Recorded data
-*-

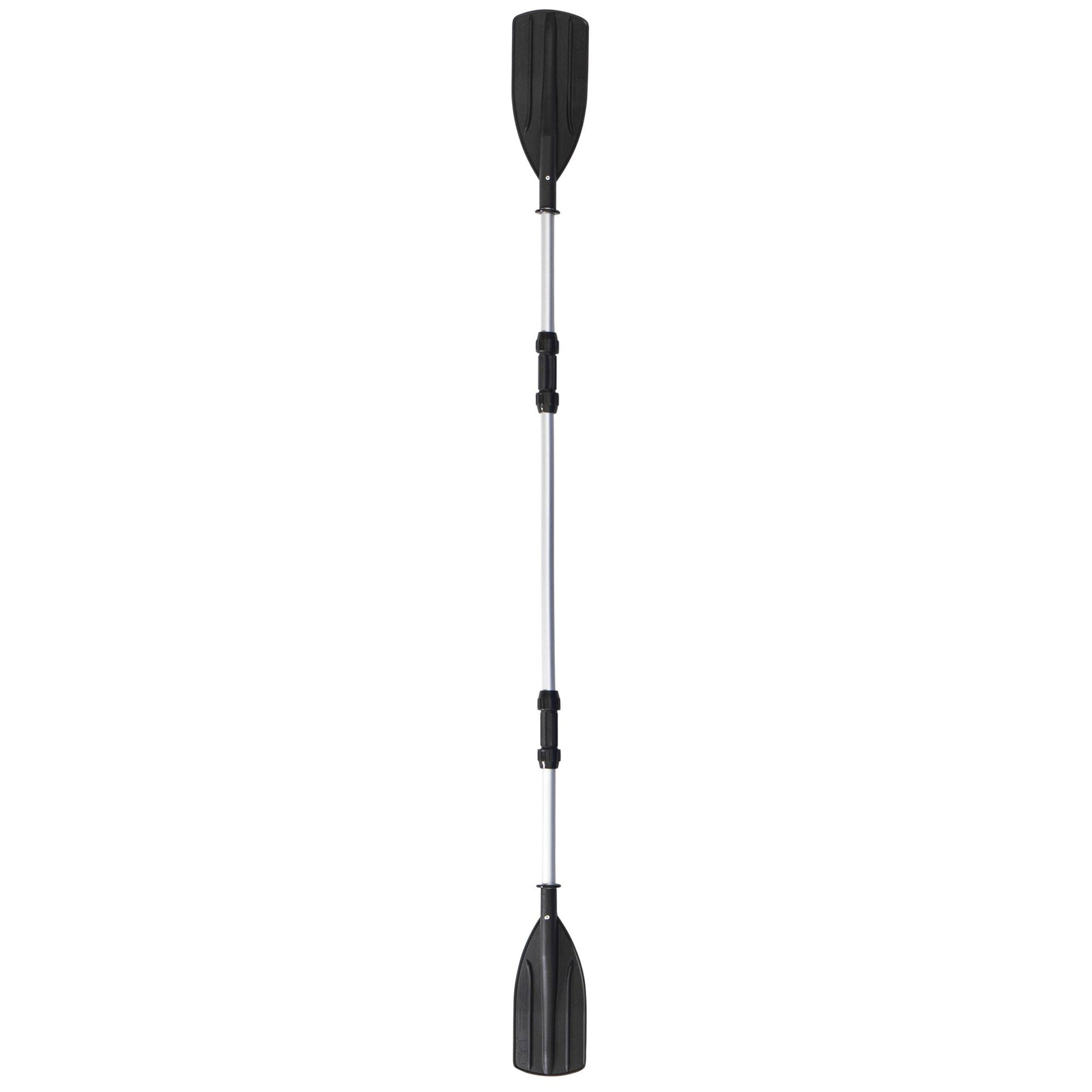 Including double-bladed oars that are aluminum, lightweight, and held flush by secure oar clasps, you can navigate the water with ease, while the removable fins also help with directional stability and increase speeds. The sturdy canvas handles on each side make moving the kayak a breeze. For storage, simply detach the fins from the kayak to get an ultra-compact, space-saving fold.
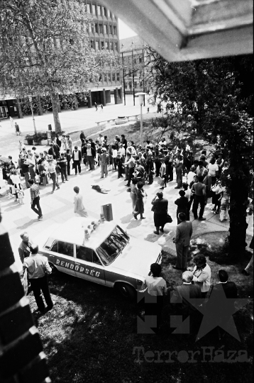 rendőrautó rendőr Lada kutya rendőrség egyenruha utcakép Szekszárd Tolna megye Magyarország 1985 Bakó JenőFotó részletei
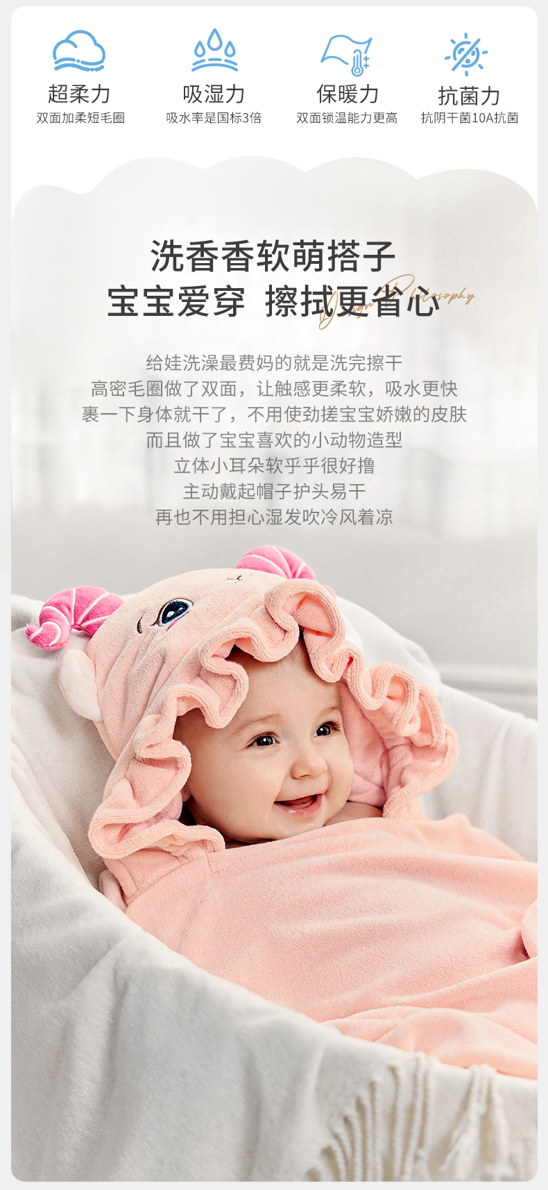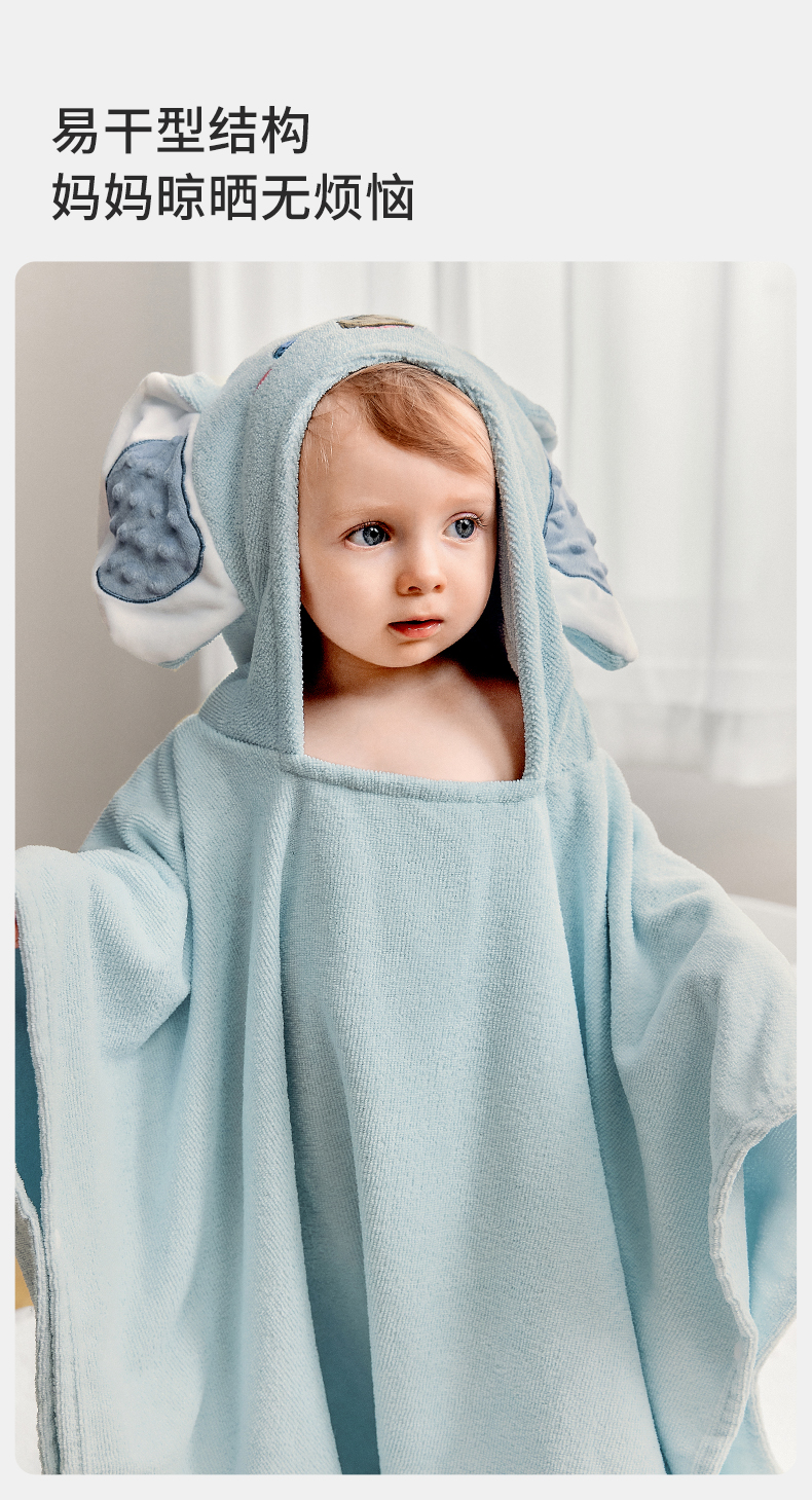【洗浴用品】嫚熙儿童浴巾斗篷浴袍可穿式新生儿洗澡浴巾婴儿专用吸水速干
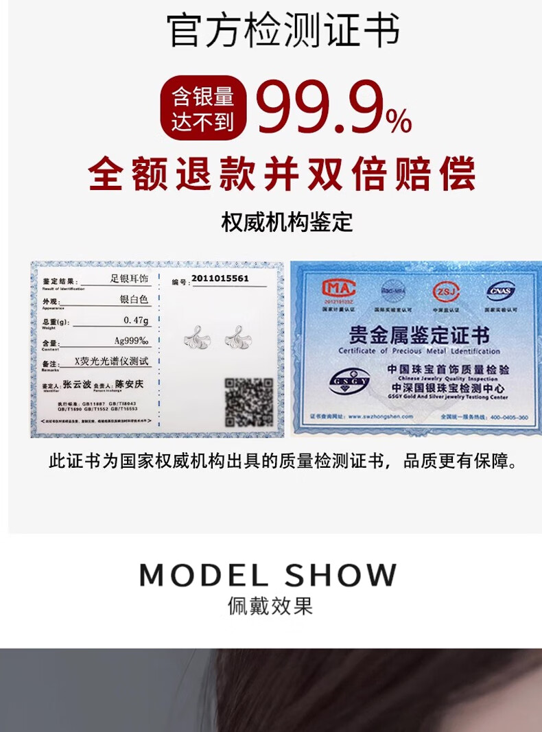 Xinshe 999 Pure Ginkgo Leaf Earrings Women's Earrings Small Pure Silver Spiral Twist Earrings High-end Simple Earrings 999 Pure Silver Flower Earrings Pair
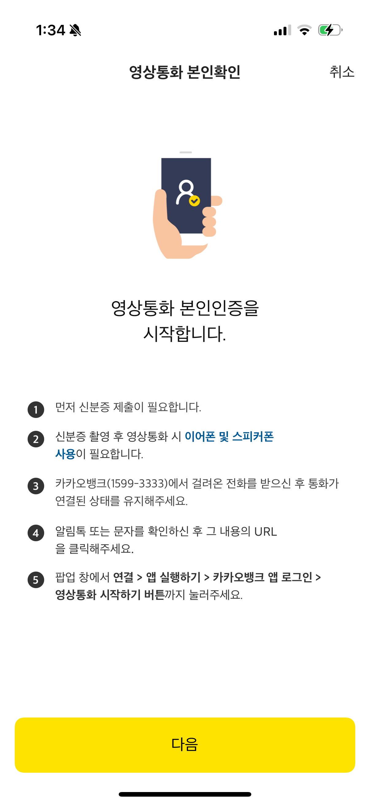 신분증을 인증하고, 영상통화를 해야 한다고 하네요. 저는 아이폰을 사용하는데 어떻게 영상통화가 될지 궁금해지기도 했습니다. 페이스타임으로 하는 것은 아닌것 같고... ㅎㅎ 아무튼 운전면허증으로 인증을 하고 기다리니 정말 카뱅 고객센터에서 전화가 오더군요.
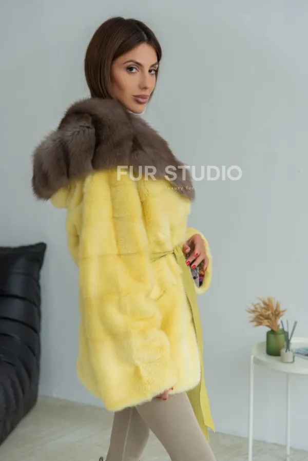Норковое пончо - шуба с капюшоном из меха куницы - желтого цвета доступна для покупки в нашем шоуруме Furs Studio в . У нас так же есть доставка во все города России. Добавьте немного роскоши в свой гардероб с этой шубой, которая будет служить вам многие годы.
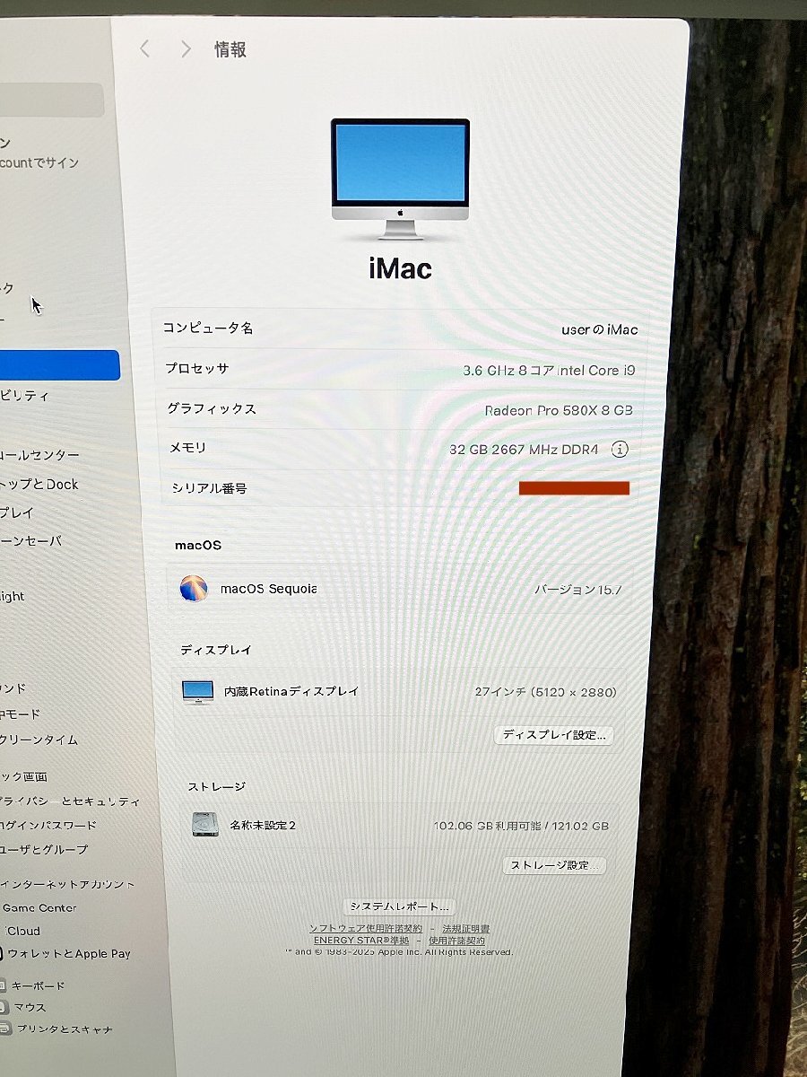 Product name: 【1円スタート】【埼玉発送】【動作確認済】Apple/iMac Core i9 3.6 27 (5K, 2019)/i9-9900K CPU/32GB/SSD121GB/HDD2TB/Sequoia15.7

-*-

*AIM OF THE EXERCISE*.
When you copy the records above, keep every word exact and drop the pictures.

*ANSWER BELOW*.
 Including double-bladed oars that are aluminum, lightweight, and held flush by secure oar clasps, you can navigate the water with ease, while the removable fins also help with directional stability and increase speeds. The sturdy canvas handles on each side make moving the kayak a breeze. For storage, simply detach the fins from the kayak to get an ultra-compact, space-saving fold.
 rendőrautó rendőr Lada kutya rendőrség egyenruha utcakép Szekszárd Tolna megye Magyarország 1985 Bakó JenőFotó részletei
【洗浴用品】嫚熙儿童浴巾斗篷浴袍可穿式新生儿洗澡浴巾婴儿专用吸水速干
 Xinshe 999 Pure Ginkgo Leaf Earrings Women's Earrings Small Pure Silver Spiral Twist Earrings High-end Simple Earrings 999 Pure Silver Flower Earrings Pair
 신분증을 인증하고, 영상통화를 해야 한다고 하네요. 저는 아이폰을 사용하는데 어떻게 영상통화가 될지 궁금해지기도 했습니다. 페이스타임으로 하는 것은 아닌것 같고... ㅎㅎ 아무튼 운전면허증으로 인증을 하고 기다리니 정말 카뱅 고객센터에서 전화가 오더군요.
Норковое пончо - шуба с капюшоном из меха куницы - желтого цвета доступна для покупки в нашем шоуруме Furs Studio в . У нас так же есть доставка во все города России. Добавьте немного роскоши в свой гардероб с этой шубой, которая будет служить вам многие годы.
 Product name: 【1円スタート】【埼玉発送】【動作確認済】Apple/iMac Core i9 3.6 27 (5K, 2019)/i9-9900K CPU/32GB/SSD121GB/HDD2TB/Sequoia15.7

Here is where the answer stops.